If one finds it embarrassing or awkward to ask for consent, it is an indication that they fear that no could be the answer. Still, if one asks for consent without acknowledging that a no is as valid an answer as a definite yes, then consent is not what they are after. A yes should be open, unambiguous, given with a free will, and given under no external influence like threats, drugs, etc. Anything other than that is a NO! There are no two ways about that — one must prepare to receive a no and BE CONTENT with it. Manipulation of any kind takes consent out of the situation and constitutes assault. If the person one asks for consent from only says yes because they are scared to say no, then that is not a yes. I could go on and on and list many things that make ‘consent” null, but one must make it a personal responsibility to educate themselves on consent culture.


If one is scared that asking for consent kills the vibe, then the said vibe is nonexistent. Maybe not being boring and a sexual predator is a more appropriate vibe. Instead of coercing someone to say yes, find ways to hold proper conversations where all parties can contribute and enjoy! There is no shame in asking for consent. If anything, people find consent sexy and attractive! Regardless of gender identity, everyone should respect themselves and the people they interact with enough to not take them for granted. Consent should not have double standards because, as already established, no one owes anyone access to them in any way! This should be a basic tenet that people remind themselves of daily and educate themselves and others on.

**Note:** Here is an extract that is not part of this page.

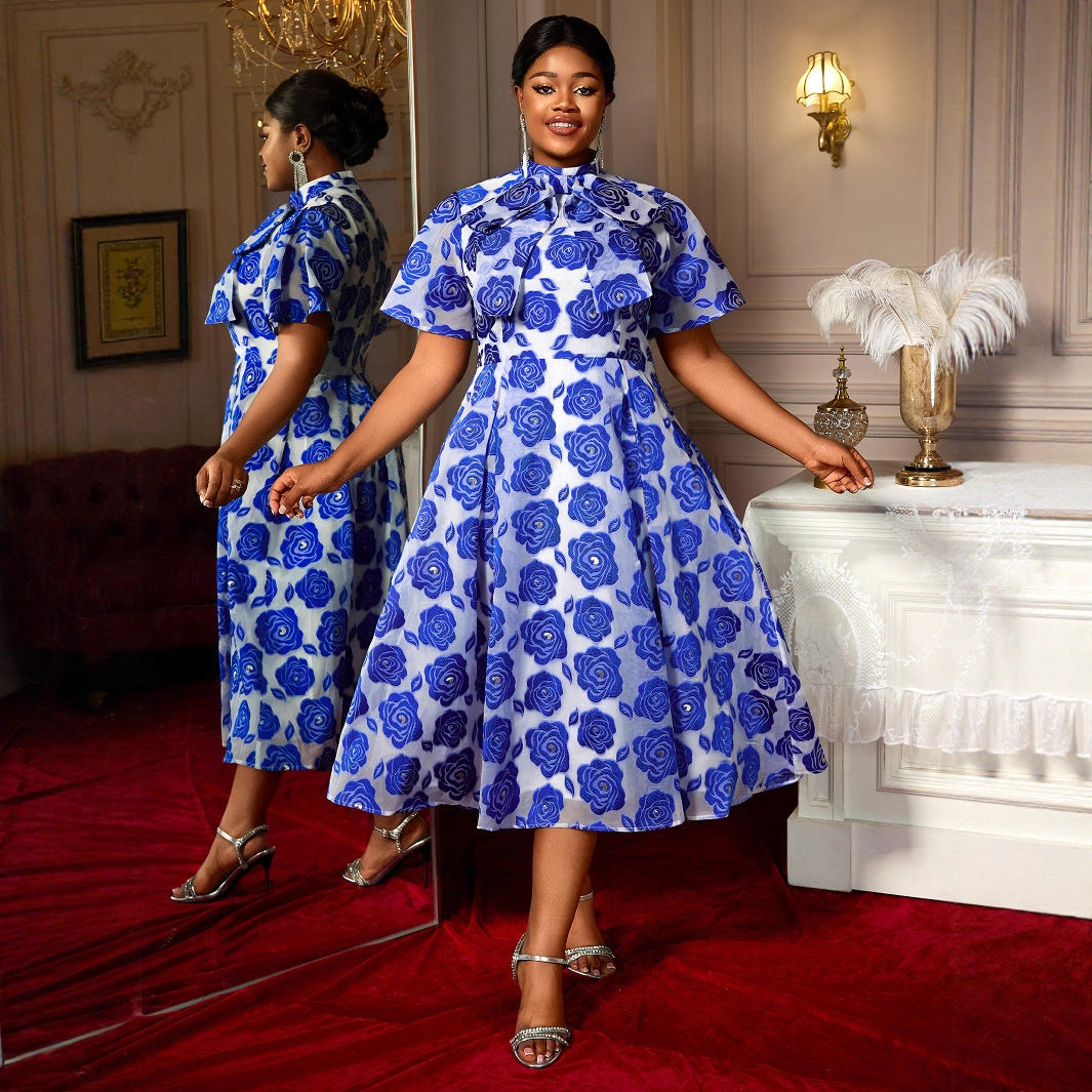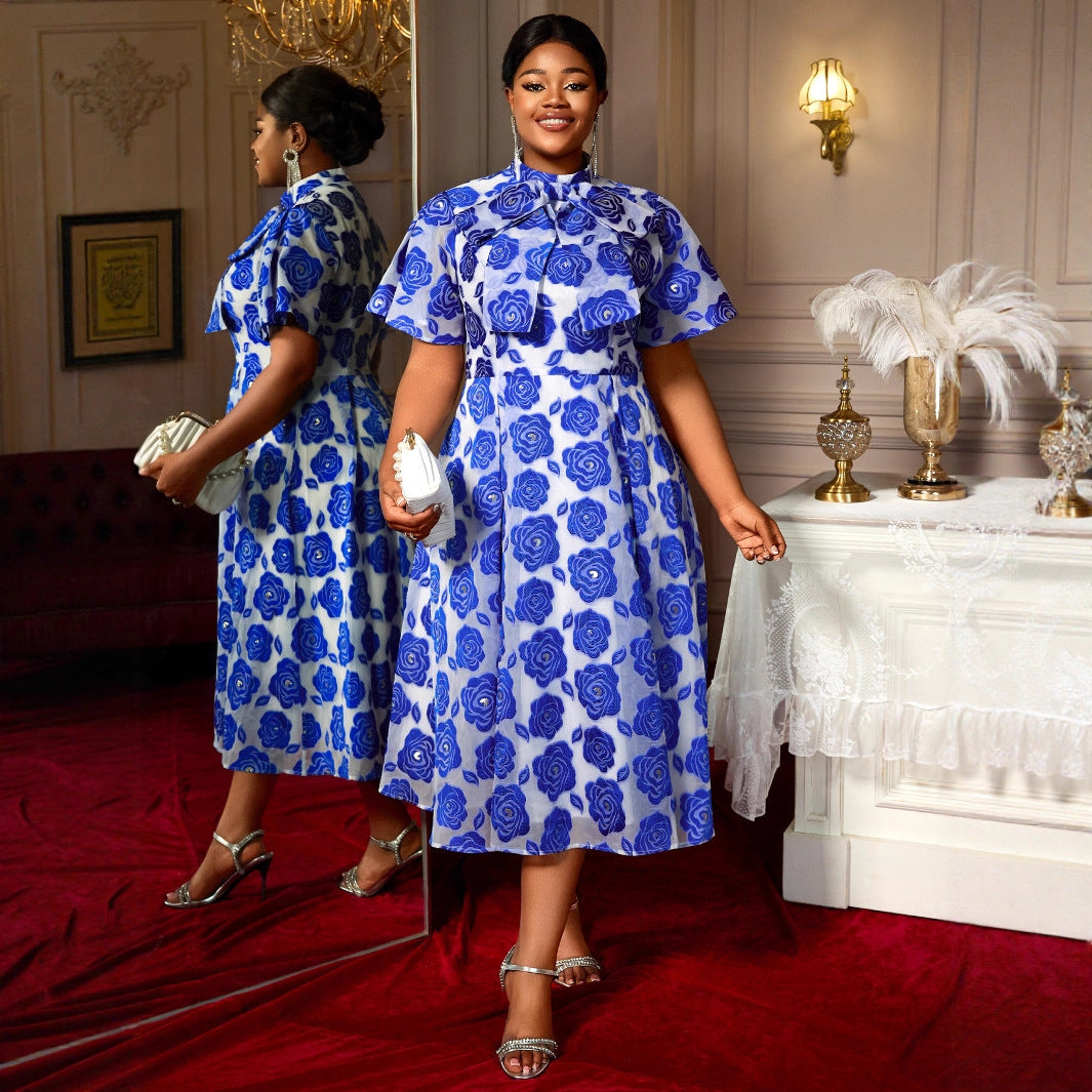 Half Turtleneck A- Line Tie Neckline Strap Bow Blue Embossed Dress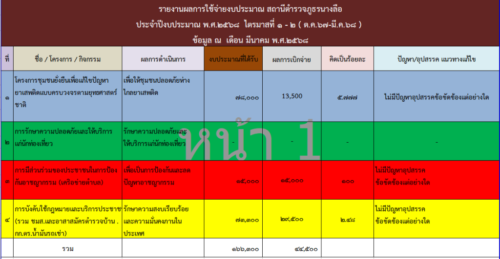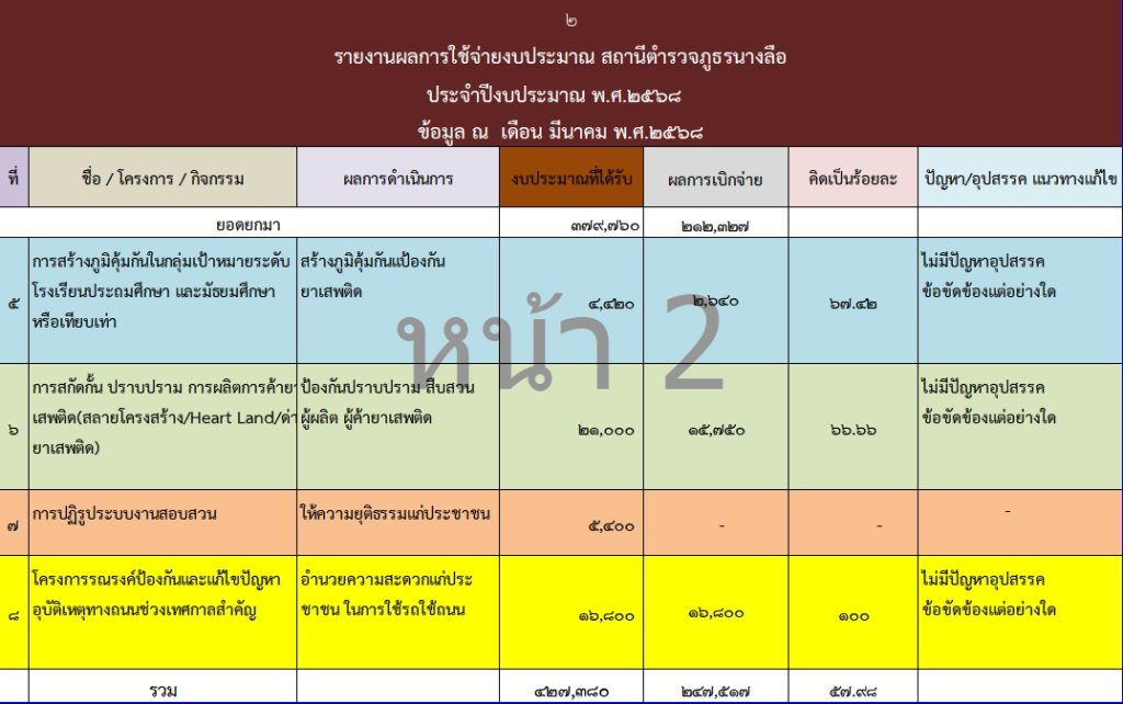 รายงานผลการใช้จ่ายงบประมาณประจำปี 2568

Parents and people who raise others should find ways to teach young people the importance of asking for consent.


One more thing before closing this essay, it should be a conscious practice to call out abusers and people who disregard consent when the answer they receive is not one they liked or hoped for. Starting from our family and friend groups. Keeping quiet in conversations involving the mockery, implication, and perpetuation of sexual assault or neglect of consent makes one as complicit as watching either of these happen before them and choosing to ignore it. So, as I like to say, we all must not only do better but be better, so we can collectively mount a society we’ll be pleased to live in!